Additionally, while removing a depot from a code host config will mark it as "deleted", the mapped information will not be deleted to prevent forced re-computation after an accidental removal of depot from a code host config. Similarly recloning a depot will not trigger a computation of all the CLs from the beginning of the depot's source control history.
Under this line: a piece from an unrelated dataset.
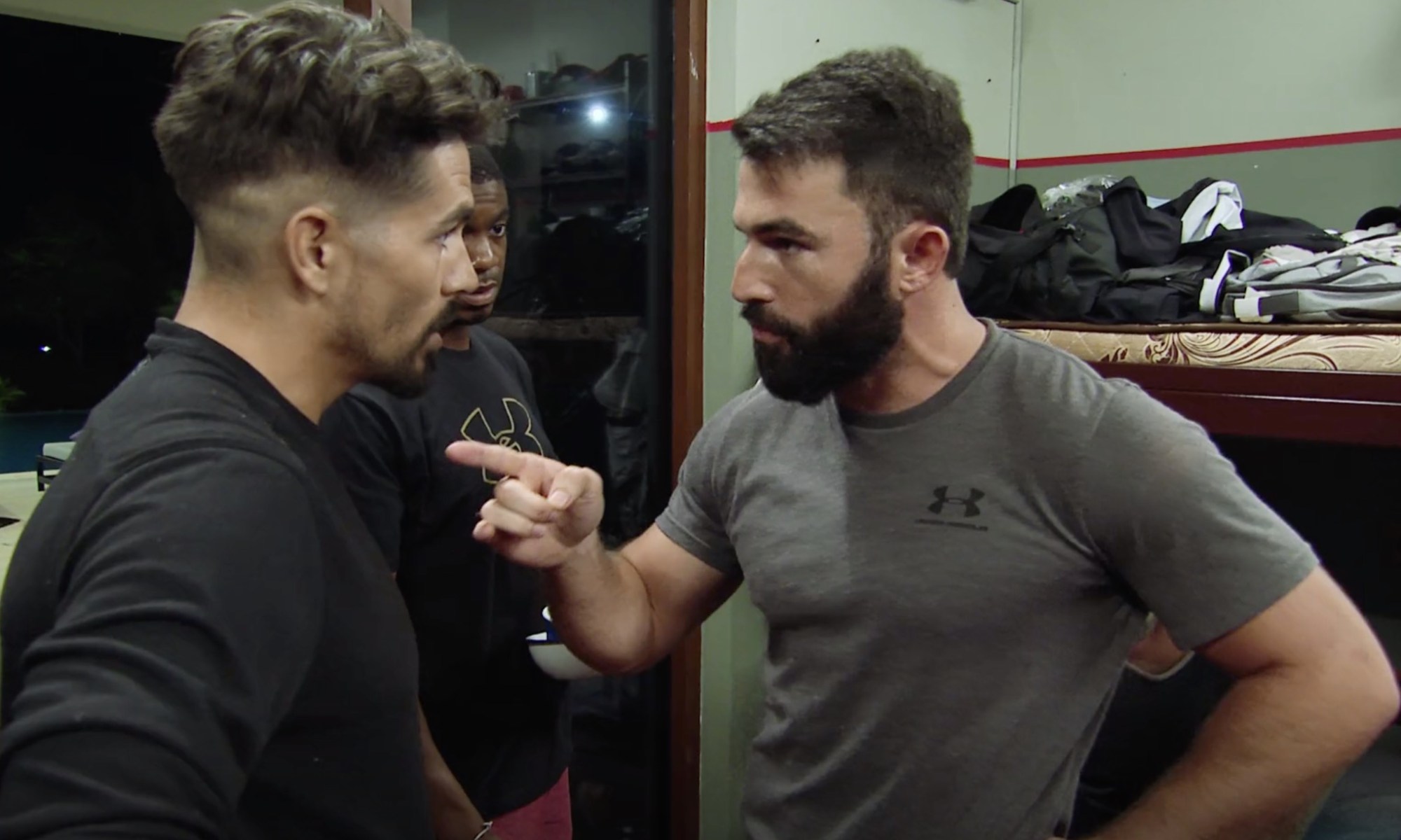 Bored, Theo decides it’s time to pick on Paulie for entertainment. Essentially, this is a dick waving content where Theo claims to be the stronger and could beat Paulie in a fight. Then Paulie gets in Theo’s face, but no one is really fighting. Theo brings up the fact that Kyle slept with Cara, but Paulie brags that he took another man’s woman. It’s all pointless, and once it looks like the two might actually fight and they’re face-to-face, Paulie basically kisses Theo in a very odd fashion .

If site admins are recloning or deleting and re-adding a depot to Sourcegraph as a result of history rewrite of a depot in Perforce, they should get in touch with us for next steps.

Batch Changes support for Perforce depots

Add "batchChanges.enablePerforce": true to experimentalFeatures in the site configuration:

{
  "experimentalFeatures": {
   "batchChanges.enablePerforce": true,
  }
}

Batch Changes does not support repos that use sub-repo permissions, so in order to use batch changes with Perforce depots, the code host cannot use file-level permissions.

When a Batch Change is published, it is sent as a shelved changelist to the server configured in the code host. The Changelist Id is displayed in the UI for the user to use for managing the shelved changelist.

Add a Perforce code host connection

Perforce depots can be added to a Sourcegraph instance by adding the appropriate code host connection.

To enable Perforce code host connections, a site admin must:

  1. Go to Site admin > Manage code hosts > Add code host

  2. Scroll down the list of supported code hosts and select Perforce.

  3. Configure which depots are mirrored/synchronized as Git repositories to Sourcegraph:

    • depots

      A list of depot paths that can be either a depot root or an arbitrary subdirectory. Note: Only "local" type depots are supported.

    • p4.user

      The user to be authenticated for p4 CLI, and should be capable of performing:

      • p4 login
      • p4 trust
      • and any p4 commands involved with git p4 clone and git p4 sync for listed depots.

      If repository permissions are mirrored, the user needs additional ability (aka. "super" access level) to perform the commands:

      • p4 protects
      • p4 groups
      • p4 group
      • p4 users
    • p4.passwd

      The ticket to be used for authenticating the p4.user. It is recommended to create tickets of users in a group that never expire. Use the command p4 -u <p4.user> login -p -a to obtain a ticket value.

    • See the configuration documentation below for other fields you can configure.

  4. Configure fusionClient:

    {
      "fusionClient": {
        "enabled": true,
        "lookAhead": 2000
      }
    }
    

    Details of all p4-fusion configuration fields can be seen here.

  5. Click Add repositories.

Sourcegraph will now talk to the Perforce host and sync the configured depots to the Sourcegraph instance.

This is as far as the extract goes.